Doctors say it's too soon to know the extent of her injuries. "At this age there are a lot of things she can't tell us," says Dr. Fabienne Gray, a pediatric surgeon at Children's Hospital who treated Blossom when she arrived. "There is a lack of sensation and motor usage [in her legs], and there's a possibility she could have some bowel and bladder issues later, but Blossom has done so well. We're very pleased with her progress." Still, she says, "the fact that Blossom was shot when she was a fetus is devastating. I think she will be dealing with the repercussions of this for the rest of her life." Pleasant, a former administrator who now cares for Blossom full-time, is confident her daughter will rise to the challenge: "She is so dedicated, so determined and so aware, and I think that will help her in the future."
As for Blossom's traumatic past, the couple still have no idea who pulled the trigger—police haven't identified a suspect, Ruffins says: "We don't know if it was a stray bullet.

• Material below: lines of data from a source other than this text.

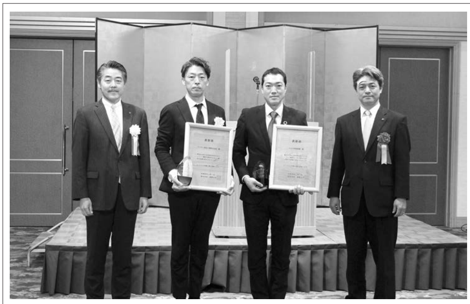
2/1 第11回射水市きらりカンパニー 顕彰表彰式
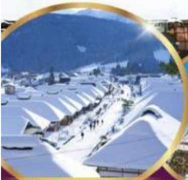
หมู่บ้านโบราณ โออุจิ จุกุ
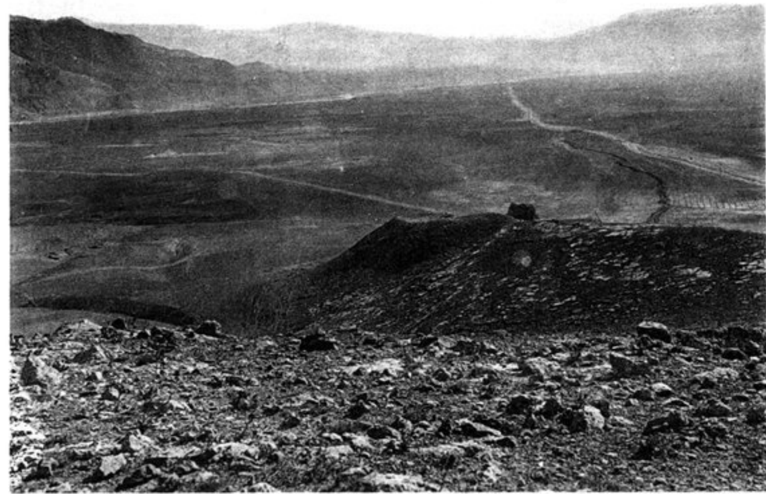
f) LA VIEILLE ROUTE DU KAPIÇA AU LAGHMAN.
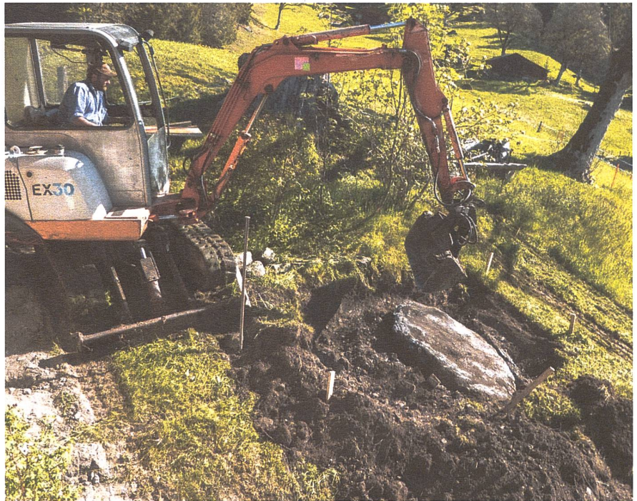
Nachbar Toni beim Baggern.
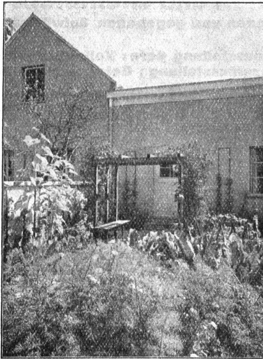
Arbeitergärtchen mit Sitzlaube

OTTO FRÖBEL'S ERBEN Gartenarchitekten Zürich 7
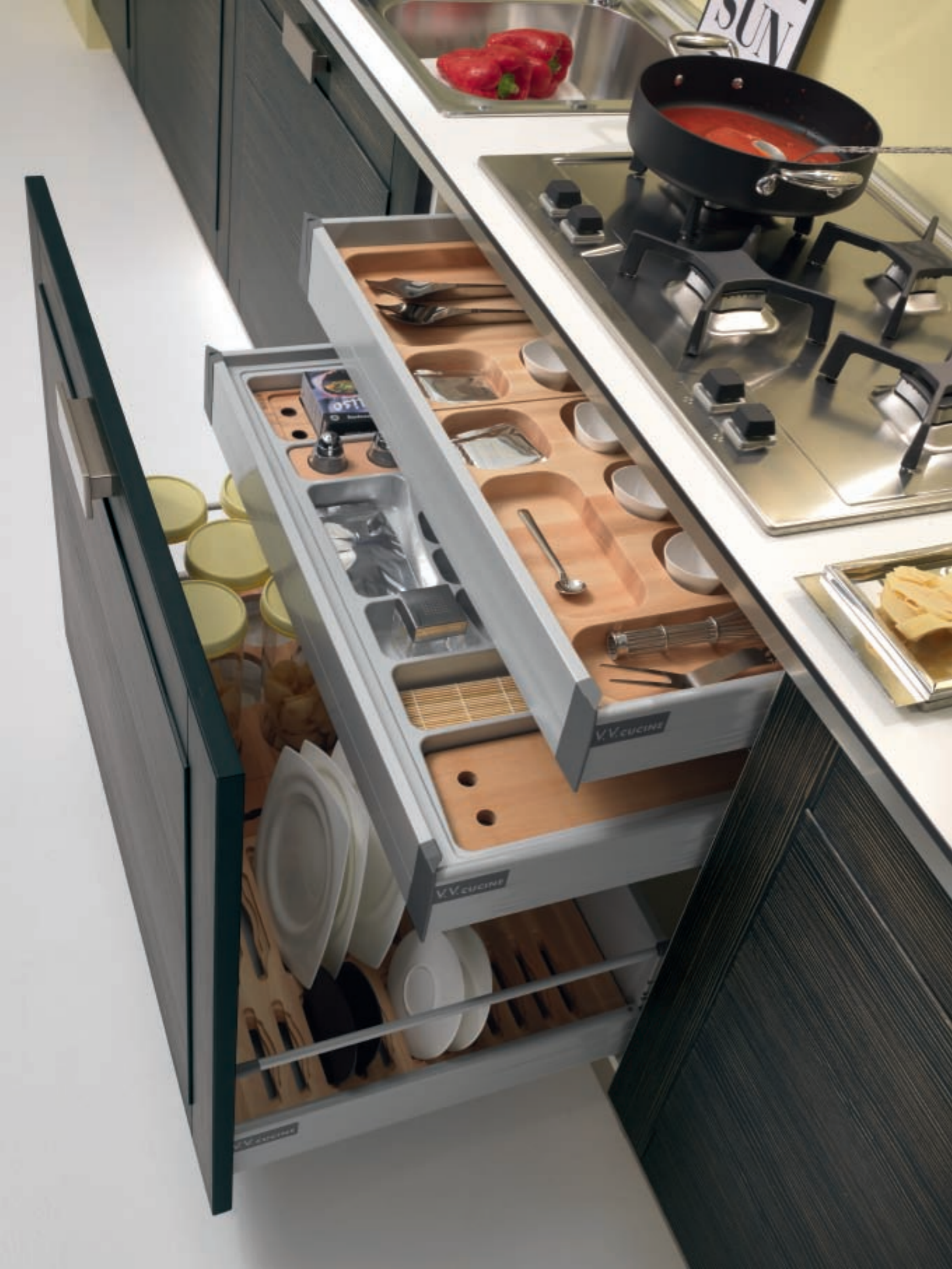
PARTICOLARE DELLA BASE A CESTONE DI ALTEZZA cm. 72 CON CASSETTO INTERNO E CASSETTO OPTIONAL. ANCHE LA BASE LAVELLO L. cm. 90 PUÒ ESSERE AD ANTA UNICA. DETAIL OF THE BASKETS BASE UNIT HIGH 72 cm. WITH INNER DRAWER AND OPTIONAL SECOND DRAWER. EVEN THE 90 cm. SINK BASE UNIT CAN HAVE A SOLID DOOR.

They think it might have been kids playing with a gun." The not knowing is hard, they say, but they're focused on Blossom.
A cheerful baby who loves to eat and watch The Princess and the Frog (a jazz-themed Disney musical set in New Orleans), Blossom is "blissful," says Pleasant, who together with Ruffins threw her a "Blossomfest" party for her 1st birthday. "Everybody in the community loves her. She's more famous than her dad now." She rarely cries—except when Ruffins plays the trumpet. "She gets scared to death," he says with a laugh. "But when that damn alligator plays the trumpet in Princess and the Frog, she's jumping up and laughing! I don't understand that!"
He's hopeful her appreciation for all music will only grow. "I'm going to get her the best teachers in the city to make sure she can write music, play music and do everything she needs to do to be a cultured young lady," Ruffins says.
For now the family have moved out of their previous residence and want to create a wheelchair-accessible home. "We have a long road ahead of us," Ruffins says. "It's going to be a little rough, but we are so optimistic."